### Exercise description
Could you give the listing again exactly, without its pictures?

### Supplied data
-=-=-

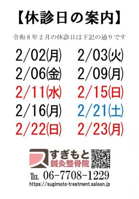 現在facebookの更新が出来ず、休診日の【お知らせ】が遅くなりご迷惑をおかけしております。
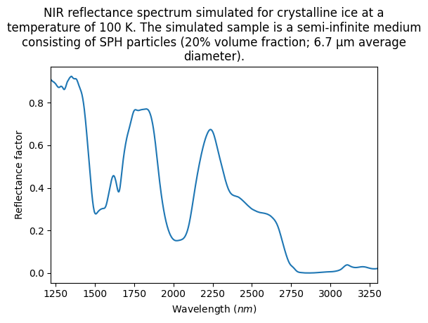 - NIR reflectance spectrum simulated for crystalline ice at a temperature of 100 K. The simulated sample is a semi-infinite medium consisting of SPH particles (20% volume fraction; 6.7 µm average diameter).
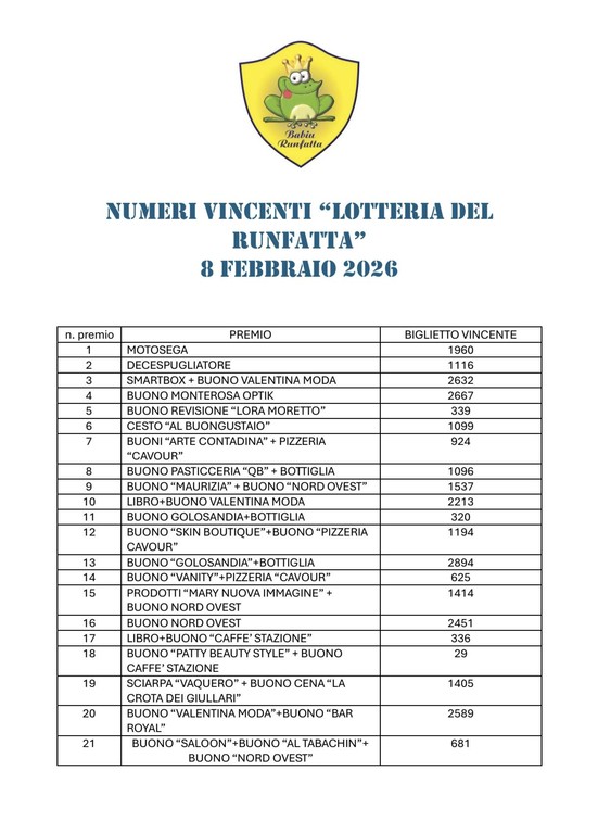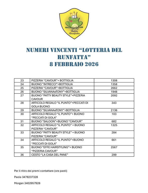 Sono stati resi noti i numeri vincenti della Lotteria del Runfatta, estratti l’8 febbraio 2026. Di seguito l’elenco dei premi abbinati ai rispettivi biglietti.
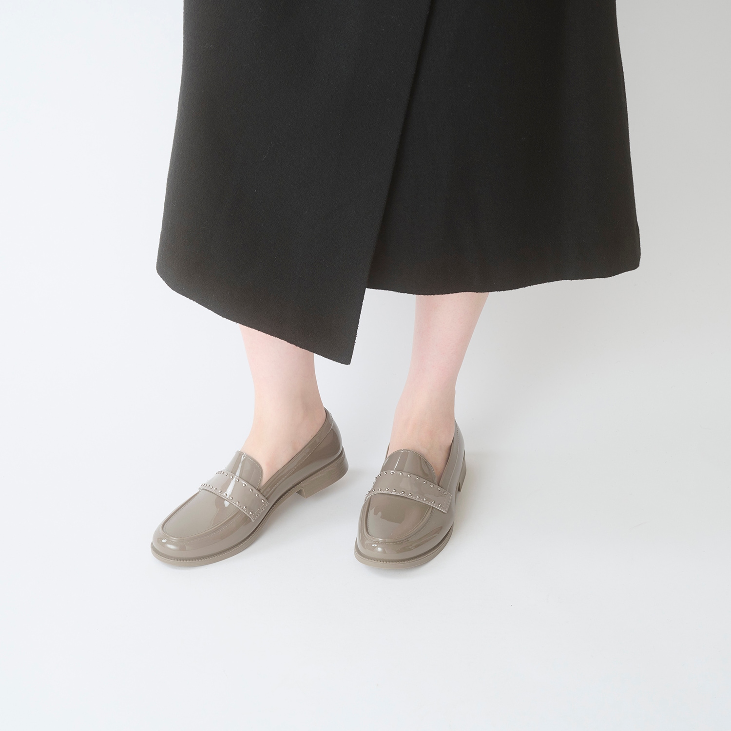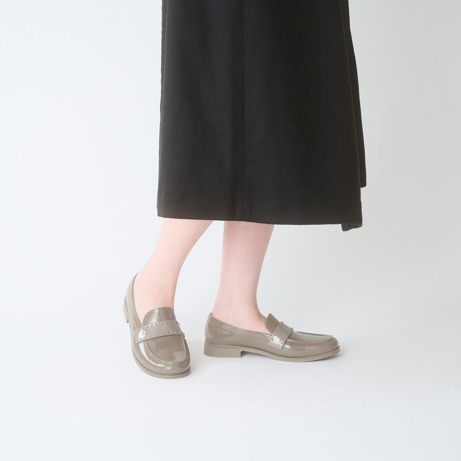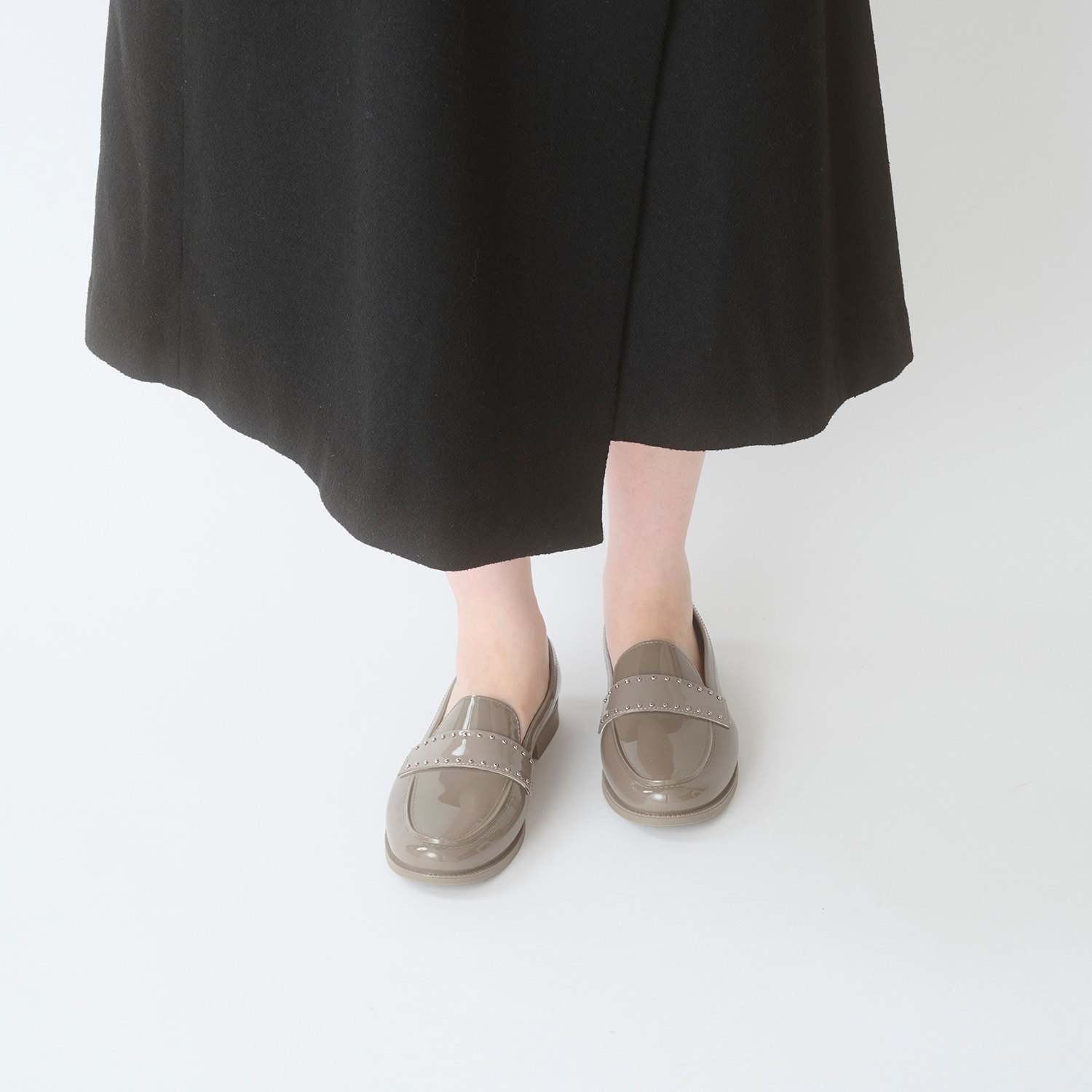 3mmの極小シルバースタッズを、エナメル合成皮革ベルトに手作業で打ち込み。すっきりとした見た目に、スタッズのアクセントが小気味良い一足に仕上げました。

-=-=-

### Answer
 現在facebookの更新が出来ず、休診日の【お知らせ】が遅くなりご迷惑をおかけしております。
 - NIR reflectance spectrum simulated for crystalline ice at a temperature of 100 K. The simulated sample is a semi-infinite medium consisting of SPH particles (20% volume fraction; 6.7 µm average diameter).
 Sono stati resi noti i numeri vincenti della Lotteria del Runfatta, estratti l’8 febbraio 2026. Di seguito l’elenco dei premi abbinati ai rispettivi biglietti.
 3mmの極小シルバースタッズを、エナメル合成皮革ベルトに手作業で打ち込み。すっきりとした見た目に、スタッズのアクセントが小気味良い一足に仕上げました。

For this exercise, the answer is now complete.